Whole Body Vibration is a different matter and as yet there is no ‘objective’ test available to identify injury caused by vibration. The approach adopted by the HSE is that problems such as back injuries should be viewed holistically, taking into account ergonomics, manual handling and vibration as all potential causes.
The Bits Behind the Regulations
Having looked at what the regulations have in store, it is a good idea to mention some of the fundamental bits that people often find it hard to understand.
What is Aeq?
The term Aeq simply stands for the Acceleration equivalent value. Acceleration is the vibration parameter used in human vibration measurements and is measured in metres per second squared (m/s2). The ‘equivalent’ part of the term simply means the average vibration level.
Techie bit – Aeq is a single number that represents the equivalent energy of a varying source. In other words you get the same amount of energy from the varying vibration level as you would from the continuous, equivalent value.
Daily Exposure – Aeq ‘v’ A(8)
The main actions required by the law are based on assessing a daily vibration exposure figure – written as A(8). This is an often misunderstood, yet fundamental point, which if not observed, will invalidate any risk assessment. In fact, vibration exposure is just like any other form of exposure, for example, dust, gas, radiation and even sunlight.

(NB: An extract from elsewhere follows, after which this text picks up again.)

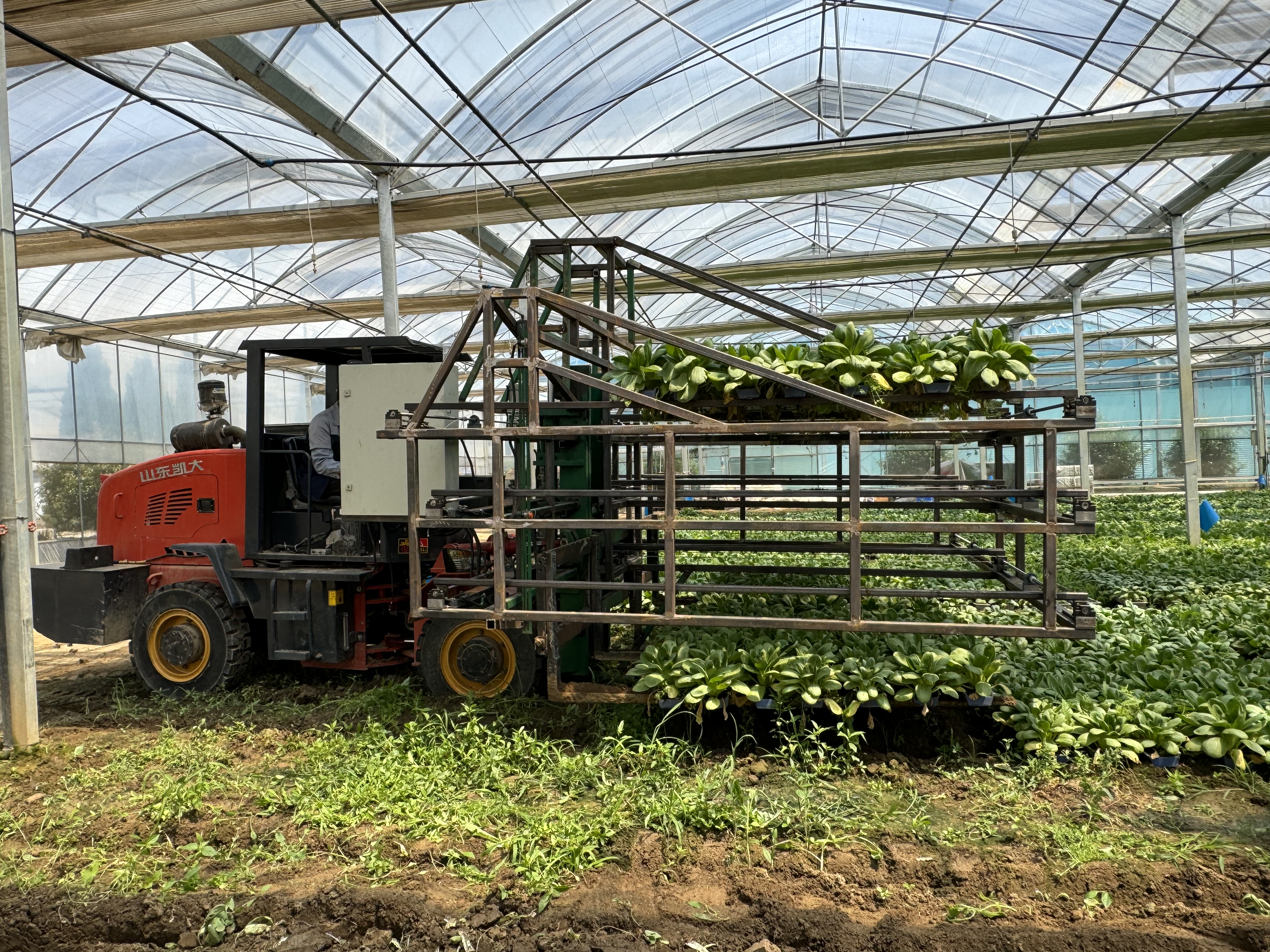 跟随搬运车下田“收菜”时,记者发现,为搬运种植槽而研制的装备背后藏着许多小巧思。比如,一台搭载了可以上下移动种植槽摆放架的叉车一次可以托起18槽青菜,4层搬运架一趟可运32平方米菜畦上的72槽青菜;生产线上的收割机刚好能将青菜沿靠土的根部切掉除,紧挨着的采收机卡口宽度恰好能将黄叶剥离掉。

To take Sunlight as an example: if the average strength of the sun is measured over the course of a day (call it 8 hours), this will give a figure showing how strong the sun is. This does not, however say anything about how brown (or burnt) a person might get as this, in turn depends on how long they stay in the sun. If the sunbather spends 4 hours in the sun, then they have had half of the available sunlight so it would be logical to take half of the number as the exposure figure.
The same principle applies to vibration exposure, where Aeq is a measure of the level that exists at the surface of a tool or seat. This can be measured using a Human Vibration Meter such as the Castle Excieo. The A(8) is then the proportion of that Aeq relative to the time of exposure. There is a formula to calculate this as it is not simply a direct proportion, but the principle is the same.
The relationship between the measured level (Vibration magnitude) and time spent exposed, for both the action value and the limit value, can be shown as follows.
It is absolutely imperative that the measurement pick-up (accelerometer) is rigidly fastened to the surface of the tool handle. The very best way to do this would be to drill and tap a hole and fix the accelerometer directly; this doesn’t usually go down too well with the boss though! Failing that, fast-setting epoxy glue or jubilee clips should be used. Cable ties are a last resort and only ratchet-less ones with a tightening tool should be used if absolutely necessary.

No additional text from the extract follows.